Prospective evaluation of BRCA mutations in a large triple-negative breast cancer (TNBC) registry: Implications for germline testing.

Abstract

1026 Background: Although current NCCN guidelines recommend genetic testing (GT) for all TNBC patients aged <60 years (regardless of family history) however due to the lack of prospective information on prevalence of mutations in unselected TNBC patients, these guidelines have not been widely adopted by clinicians and insurance carriers (including Medicare). Data on BRCA mutations from unselected TNBC cohorts are lacking. Aims: In a large TNBC registry, to prospectively determine the 1) prevalence of germline BRCA mutations and 2) validity of current NCCN guidelines for GT. Methods: Patients with stage I-III TNBC presenting for treatment at an academic and surrounding community practices were approached for participation in a prospective registry. All patients underwent comprehensive BRACAnalysis (Myriad). Detailed FH was collected. Mutation prevalence in the entire cohort and in subgroups stratified by FH and age were calculated. A significant family history (SFH) was defined as 1st-/2nd-degree relatives with breast cancer aged <50 years or ovarian cancer at any age. Results: 165 patients with stage I-III TNBC have been enrolled from 2011-2013. Median age 54 (range 24-84yrs), 58% postmenopausal, 29% LN +, 33%, 58% and 9% had stage I, II, III disease respectively. 82% Caucasian, 14% AA, 2% Hispanic, 0.6% Ashkenazi Jewish.
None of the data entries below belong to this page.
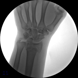 患者男,48岁,主诉外伤致右腕部疼痛,活动受限7天。于南阳市骨科医院行手法整复后患者对治疗效果不满意,遂手术治疗。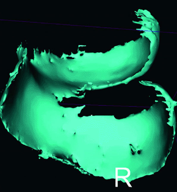 FIGURE 7.4 ● Three-dimensional cartilage model built from a semi-automated segmentation algorithm, with the cartilage subtracted from the subchondral bone. MR data were obtained from a 3D fat-suppressed, T1-weighted gradient-echo acquisition. These models may eventually prove helpful in surface replacement techniques.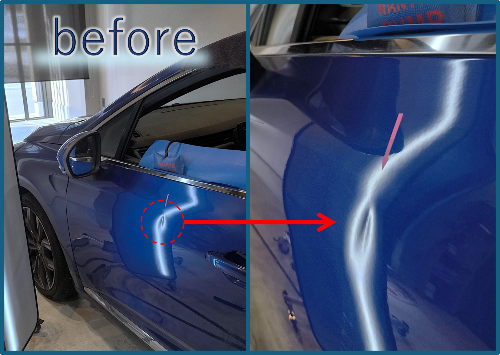 助手席ドアにドアパンチ被害とのご相談です。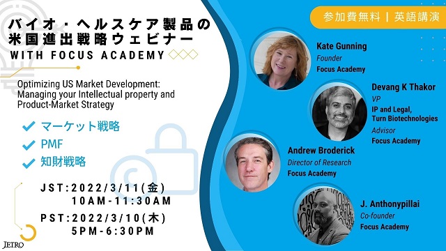 【ウェビナー】 Navigating the Current Landscape of Research and Commercialization in the U.S. (Bio, Health and Ag/Food Tech)

Deleterious BRCA1/2 mutations were identified in 13.1% patients (20/152, 15 BRCA1, 5 BRCA2; results pending in 13). 27% of patients had a SFH and 64% had any FH. Mutation rates in patients with or without SFH was 32.5% and 6.1%, respectively. When examined by age at diagnosis, the mutation rates were: 16.6% (<60yrs), 21.8% (<50yrs), 10.6% (51-60yrs), and 0% (>60 yrs). If SFH or age <50, were the only criteria used 35% and 30% of mutations would have been missed. All mutations were identified using the NCCN guidelines. Conclusions: This is the first study to prospectively evaluate BRCA mutations in an unselected TNBC cohort. In this large academic and community registry with negligible Ashkenazi representation, the overall BRCA mutation rate was 13%; 16.6% in those <60 years. These results validate GT based on current NCCN guidelines and support its use in routine clinical practice.